Маронге не спалось. Он задумчиво смотрел на свою духовую трубку, затем на тсантсы, новые и старые, готовые и проходившие обработку, в общем, скорее, благодушествовал. Ночь Черного Неба царила над деревней белых, а оттого он привычно сел дома. Он помнил, чем кончаются порой такие ночи.
…Никогда еще Реджинальд и Янсен не двигались так тихо и осторожно, глядя под ноги и перед собой, чтобы ненароком не наступить на что-то, или не споткнуться, или не поймать какой-нибудь подарок от ублюдочного мелкого выродка. Тише. Еще тише. Ткань одежды не шуршала, обувь на резиновом, мягком ходу, совершенно глушила звуки и без того неслышных шагов…
…В его жилище будто вломилось чудовище, из тех, на которых ездили белые…
…Даже одежду и все, что брали с собой, Реджинальд предварительно два дня проветривал на балконе. Чтобы отбить любой запах человека. Так охотятся в лесу. Перед выгрузкой на берег, оба прополоскали рот холодным чаем, тоже старый способ, кажется, сибиряков, идущих на промысел…

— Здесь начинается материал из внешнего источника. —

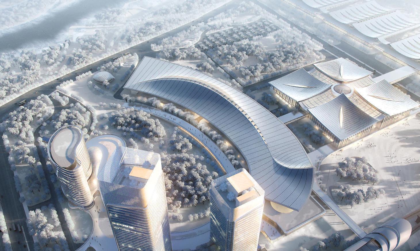 瀟河國際會展中心南側(cè)組團(tuán)項目位于山西轉(zhuǎn)型綜改示范區(qū),總建筑面積65035.09平方米,主要功能為登陸廳(二層長廊)、多功能展廳、會議、洽談、辦公等。地基采用強(qiáng)夯處理地基,基礎(chǔ)形式為PHC預(yù)應(yīng)力管樁加獨立承臺基礎(chǔ),地上為鋼框架結(jié)構(gòu),會展部分屋面采用管橋架結(jié)構(gòu),大跨屋面采用變截面弧形平面鋼構(gòu)架,展廳屋蓋長向約211米,短向約106米,主架間用縱向平面架、鋼拉桿交叉支撐組成屋面縱向及橫向水平支撐。結(jié)構(gòu)局部柱間設(shè)置柱間支撐。屋面凜條采用矩形方鋼管。會議屋面采用網(wǎng)架結(jié)構(gòu),屋面采用變截面弧形網(wǎng)架結(jié)構(gòu)跨度63米(最大),結(jié)構(gòu)最高點29米。鋼網(wǎng)架采用抗震球形鋼支座較接于鋼管混凝土柱頂。

…Острая вонь неведомой жидкости и всех омерзительных ароматов воздуха деревни белых резануло Маронге ноздри…
…Тоннель все шел и шел, извиваясь, как змея на сковородке, да будет ли этому конец?! Адреналин начал выжимать пот на лбах, в паху, под мышками обоих копов…
…Интересно, как можно так долго ползти по его дому? Это тур, точно. Белые тур! Маронге, не особенно таясь, встал и пошел навстречу, по пути свернув в малозаметную дырку в стене, куда, при первом взгляде, не прошел бы и кот…
…ПНВ одновременно показали Реджинальду и Янсену убежище черного убийцы. Декорация к фильму ужасов, триллеру, психоделическому боевику, замешанном на черной магии. Висели, коптясь над малым, бездымным огнем, куски человеческих тел. Горело две свечи, черных, прекрасно известных Реджинальду, в свое время зубы съевшему на бандах с Гаити. Узоры на стенах тоже он, кажется, припоминал. Головы — готовые на продажу — свисали с потолка, связанные, как пучки репчатого лука. Свежие, только пошедшие в работу, просто лежали аккуратной шеренгой вдоль стены. На полу, в дальнем углу, лежало толстое ватное одеяло, прикрытое одеялом потоньше. Стоял кувшин, керамический, видимо, с водой. Самого каннибала видно не было…
…Первая стрела ударила Реджинальда в шею и он упал молча, лицом в костер. Заполошно взвыв, сплетя в вое своем первобытный ужас и ярость, Янсен высадил в темноту тоннеля всю удлиненную обойму своего «Глока». Тридцать один патрон, веером, прямо, вбок, вниз, вверх… Пока не лязгнул возвратный механизм. Все это время, пока шла дикая эта стрельба, чудилось Янсену, что кто-то, вроде кошки, сидит у его ног, прямо у стоп, но мелькнула мысль, что это остывает его друг. Единственный его друг. Он полез за второй обоймой…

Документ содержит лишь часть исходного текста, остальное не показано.